TAMPA, FL—For J.B. McKibbon, hospitality is in his DNA. The family business, McKibbon Hospitality, bears his last name. Serving as asset manager for the McKibbon Family Investment Fund, he is the fourth-generation McKibbon to work for the company, and serves under his father, John, chairman of the management firm.
Despite interest in the FBI and the military growing up, McKibbon knew his career would end up being in hospitality. “I was always sort of dragged through the hotel business growing up,” he said. “My dad is obviously extremely involved in it, and it was really something I grew into over time.”
Naturally, his father has been a lifelong mentor. When asked if there was one thing that he has learned from his dad, J.B. McKibbon told the story of a visit to the Avion Park development, which is currently home to four hotels and his company’s headquarters.
“My dad’s been sort of a visionary and really been able to step back and see opportunities where others have not,” he said. “Some of that is an art and some of that is a science, and the science piece is something you can learn in textbooks. The art piece is something you can’t, and I’ve tried to spend so much of my time while he is still working to pick as much of that knowledge out of his head.”
He continued, “I remember walking the Avion Park site with my dad. I’m now doing my first round of hotel development for its fifth hotel, but there was nothing there back then. It was a dirty site, and it was owned because it was near the airport. It was zoned for lower heights, but my dad knew that the airports nearby had larger structures. So he studied it, then talked it through with the airport authority, and he was able to get the property zoned and permitted to do much greater heights and density. Now they can do six-, seven- and even eight-story buildings, and it’s become this gem property that no one else had looked at. It’s that type of out-of-the-box thinking that I want to master.”
McKibbon sat down with Hotel Business for a discussion on obstacles and trends facing the hotel industry. The first one, which has taken over a majority of the news cycle, is the coronavirus. (EDITOR’S NOTE: The conversation took place the first week of March, before the travel ban and the virus spread throughout the U.S., forcing postponement of meetings and conferences, and temporary closures of some hotels.)
“The most immediate obstacle that’s probably on every hotelier’s mind is the coronavirus, and I don’t think anyone has a crystal ball on that,” he said. “I don’t think there’s a solution to that other than just time. I personally think it’s going to be similar to the flu. It’s going to kill some people and, hopefully, we’ll have something that can curb the symptoms heavily and/or potentially be preventative like the flu vaccines we have today. In the near term, that could be a major disruptor that we see through the end of this year and into next year as well.”
Another obstacle McKibbon pointed out is the fact that supply has outpaced demand, which has weakened occupancy growth.

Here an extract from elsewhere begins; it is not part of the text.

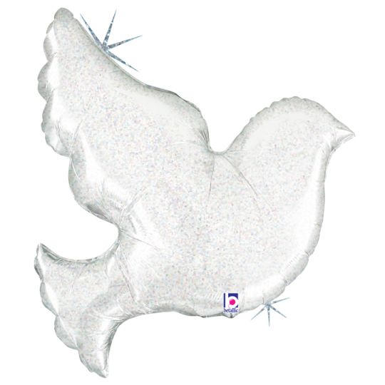 • Balão metálico prateado em forma de pomba

“Prior to the coronavirus, the industry had a record run in terms of growth, basically my whole career as a professional,” he added. “Ten years of just solid single-digit RevPAR growth across the country, and that is slowing. Supply is really outstripping demand, and that’s already happening in several markets. We’re not going to see any more occupancy growth. The only avenue for continued RevPAR growth is through rate and, in many cases, that RevPAR growth is not exceeding inflation. There’s still a good bit of supply In the pipeline, and these things are always on a lag. Even if building slows down now, it will take several more years before the full impact of that heavy new supply is fully on board and can start to be absorbed. We’ve had some benefits in terms of interest rates, with the Fed cutting rates and that’s helped owners maintain margins for now. But I do see it moving into a scenario where, assuming wages continue to increase and unemployment remains low, the underlying assets are just going to become less valuable due to the fundamentals.”
He sees his company weathering any downturn because “our goal has been, and continues to be, build the best possible brand and product in the best possible locations.”
“The people that are going to really hurt in a strong economic down cycle are those that build products that are not that great in areas that are not demand drivers,” he noted. “There’s enough excess demand to go around that they still do well, but when things start to go poorly, those will be the first operators to experience major issues as demand starts to taper off.”
The asset manager sees as a major trend the fact that Generation Z travelers book hotels seeking experiences rather than just a clean bed and a place to shower.
“This younger generation of travelers is putting less emphasis on purchasing things and more emphasis on purchasing experiences,” he said. “It’s a great place for us hoteliers. People want to travel to places and see things and, therefore, they book more hotel room nights stays.
“My dad’s generation went from basically crappy roadside motels where there was no quality to clean hotels with decent service that they could count on wherever they traveled. That was kind of the advent of branded product coming out with consistent offerings,” he added. “Travelers now are really demanding beyond that, something unique, something different, and that could be just location. It could be proximity to really cool things to do and just making it much easier for them to see things. It could be at the hotel itself, with say an F&B offering that is a destination in and of itself. But some of these newer lifestyle brands are really more experiential and lifestyle driven. You’re seeing people gravitate to those brands because they do offer something that’s a little bit more fun and different than just a clean bed.”